**** INFORMATION SUPPLIED

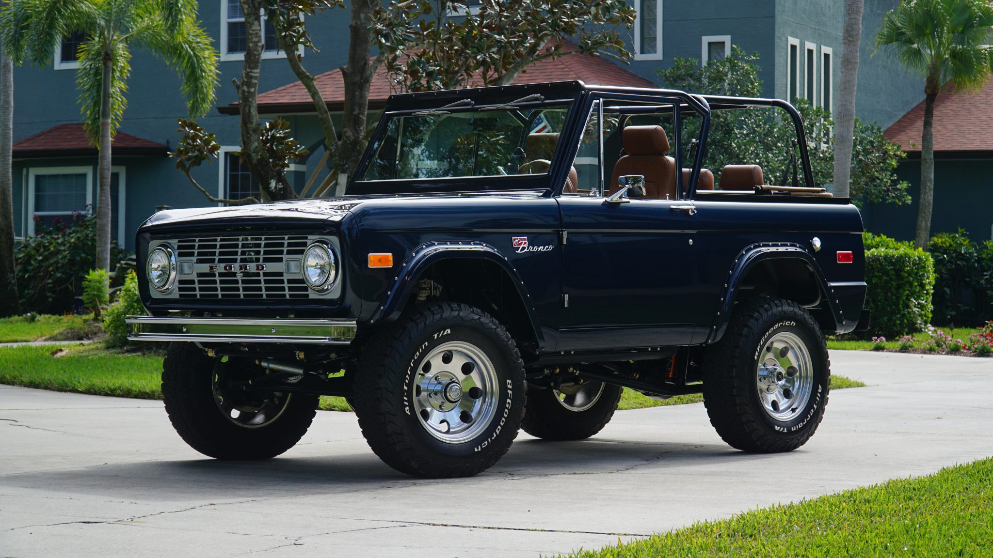 Polished 17″ eight-hole alloy wheels are mounted with 285/70 BFGoodrich All-Terrain T/A KO2 white-letter tires. The front axle is equipped with Mile Marker manually locking hubs, and Borgeson power steering components are installed in addition to a Bilstein steering stabilizer. The truck rides on a lifted suspension with coil springs, TracTive remote-reservoir shocks, and four-link geometry front and rear. Stopping power is provided by a hydroboosted Wilwood master cylinder and four-wheel disc brakes.
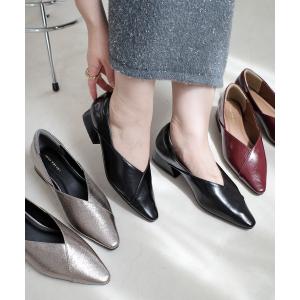 パンプス バブーシュ Vカットスクエアトゥ フラットシューズ レディース 2WAY ルリアンプラス SlV amiami
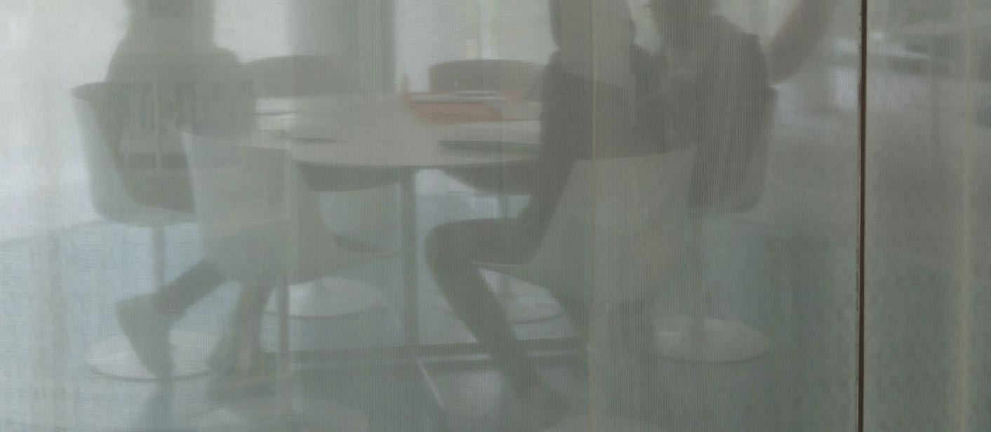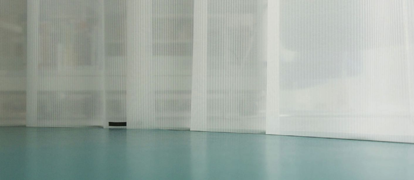 Tessuto per tenda fonoassorbente trasparente alla vista, in modo che possa filtrare la luce e, nello stesso tempo, attenuare il rumore e la riverberazione.
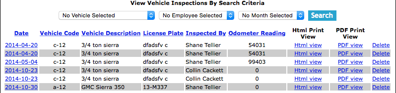 vehicle inspection report. The vehicle inspection can be setup to be done on a
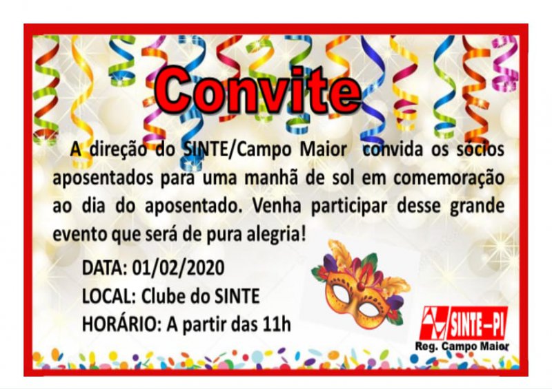 O SINTE-CAMPO MAIOR irá homenagear os aposentados e aposentadas da regional pela passagem do dia dos aposentados e pensionistas com uma grande manhã de sol para a categoria.
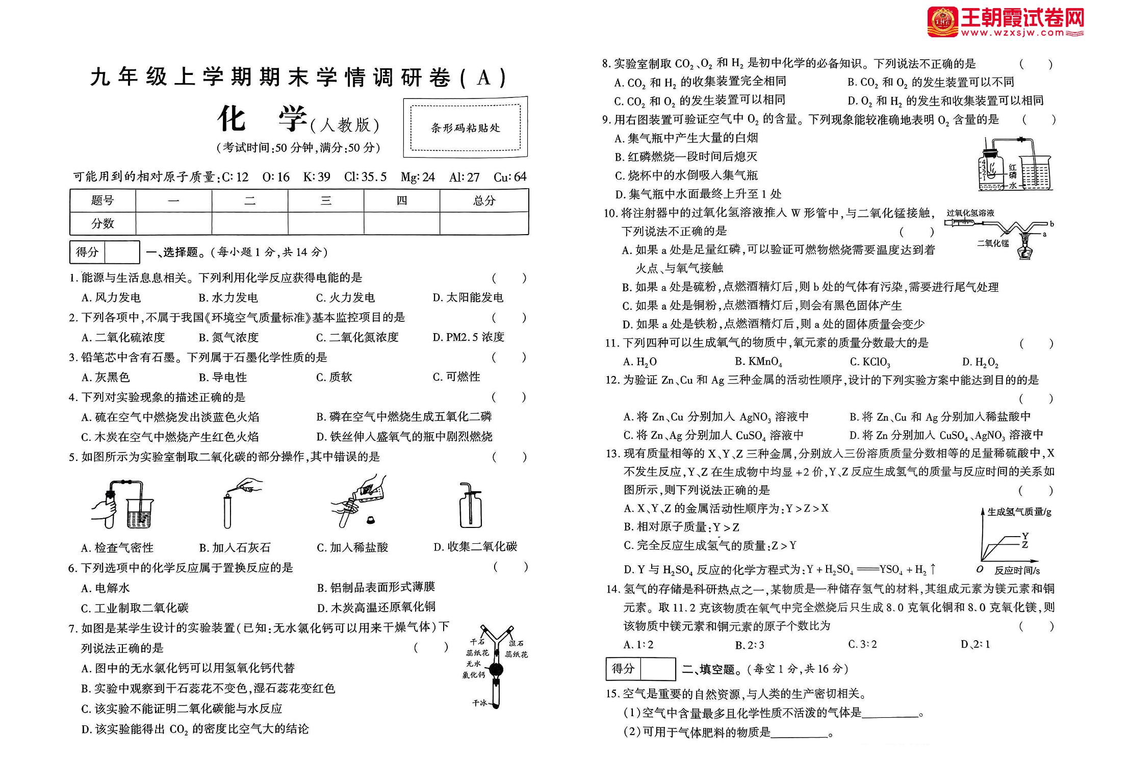 九年级化学人教版上册期末卷
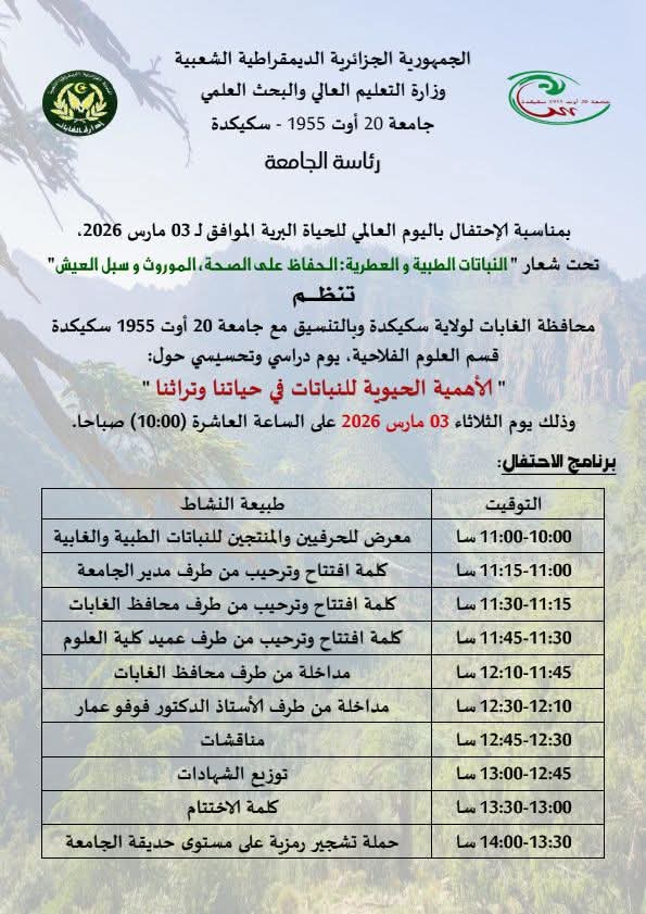 Université 20 août 1955 BP 26. Route d'El Hadaiek - Skikda 21000 – Algérie

********

> _BRIEF_: Start at the line that contains "O SINTE-CAMPO MAIOR" and retype every line through the end of the entries above, both ends included. Exclude all pictures.

> _COMPLETED TASK_:
 O SINTE-CAMPO MAIOR irá homenagear os aposentados e aposentadas da regional pela passagem do dia dos aposentados e pensionistas com uma grande manhã de sol para a categoria.
 九年级化学人教版上册期末卷
 Université 20 août 1955 BP 26. Route d'El Hadaiek - Skikda 21000 – Algérie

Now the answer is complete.